Instead of ACA Repeal and Replace, Fix It

Research Report

Instead of ACA Repeal and Replace, Fix It

Abstract

Repealing the Affordable Care Act (ACA) via the budget reconciliation process without replacement policies in place risks dramatically increasing the number of uninsured people and causing chaos in the individual (nongroup) insurance markets. Replacement plans will likely be controversial and cover fewer people than the ACA. Any replacement plan will need to receive some support from Democrats in order to pass the Senate. After repeal, an ACA replacement will require new revenues because there will be a new spending and revenue baseline. This may prove to be extremely challenging.
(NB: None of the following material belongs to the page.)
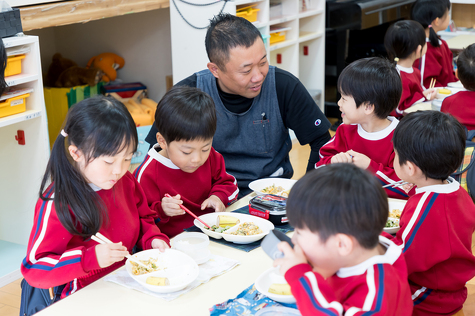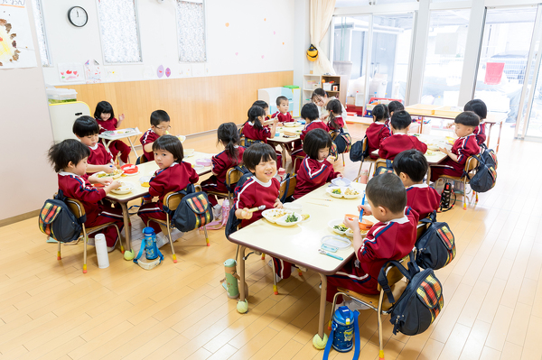 温かい食事をみんなで囲み、「食べることの楽しさ」を感じながら心と体を育てます。

Faced with this reality, policymakers should consider fixing the major problems they have with the ACA rather than repealing it; this would not disrupt the parts that are working effectively. To that end, we propose a range of policies that would address critics’ concerns and also strengthen the law, expand coverage, improve affordability, increase market stability, and lower the high premiums that exist in some markets.

We propose the following:

  1. Replace the individual mandate with a modified version of the late enrollment penalties currently used in Medicare Parts B and D.
  2. End the employer mandate. The limited gains in coverage and the revenue it generates have not been worth the controversy it has caused.
  3. Replace the Cadillac tax with a cap on the tax exclusion for employer-based insurance, ideally setting the cap at levels that would generate additional revenues to help finance vital enhancements.
  4. Improve affordability by reducing premiums, deductibles, and other cost-sharing requirements for modest-income individuals, and extend to higher-income individuals a cap on premiums at 8.5 percent of income.
  5. With a premium cap at 8.5 percent of income applied to all, relax the 3:1 age rating to be more in line with actual differences in spending for younger and older individuals.
  6. Examine the essential health benefits package, recognizing that eliminating certain benefits would eliminate risk pooling for those services, shifting all costs to individuals needing those services. That is problematic for any service, but particularly so for prescription drugs, mental health, and substance use disorder treatment.
  7. Stabilize the Marketplaces by taking steps to increase enrollment. This would include investing in additional outreach and enrollment assistance and allowing states to extend Medicaid eligibility to 100 percent of the federal poverty level (FPL) rather than 138 percent of FPL. People with incomes between 100 and 138 percent of FPL would move from Medicaid to Marketplace coverage and thereby benefit from the affordability provisions mentioned above. Further, it should be made easier for working families to be eligible for income-related tax credits.
  8. Address the impact of insurer and provider concentration on nongroup market premiums by capping provider payments in those plans at Medicare rates or some multiple thereof—an approach currently used by the Medicare Advantage program. This would limit the use of market power by large provider systems and make it easier for insurers to enter new markets.
  9. Use a broad-based source of revenue (e.g., assessments on all health insurance and stop-loss coverage premiums or general revenues) to permanently protect nongroup insurers from the consequences of enrolling a disproportionate share of very high-cost enrollees, as is done in Medicare Part D and Medicare Advantage.

Most of these steps have had bipartisan support in other contexts and therefore can provide a framework for a bipartisan compromise.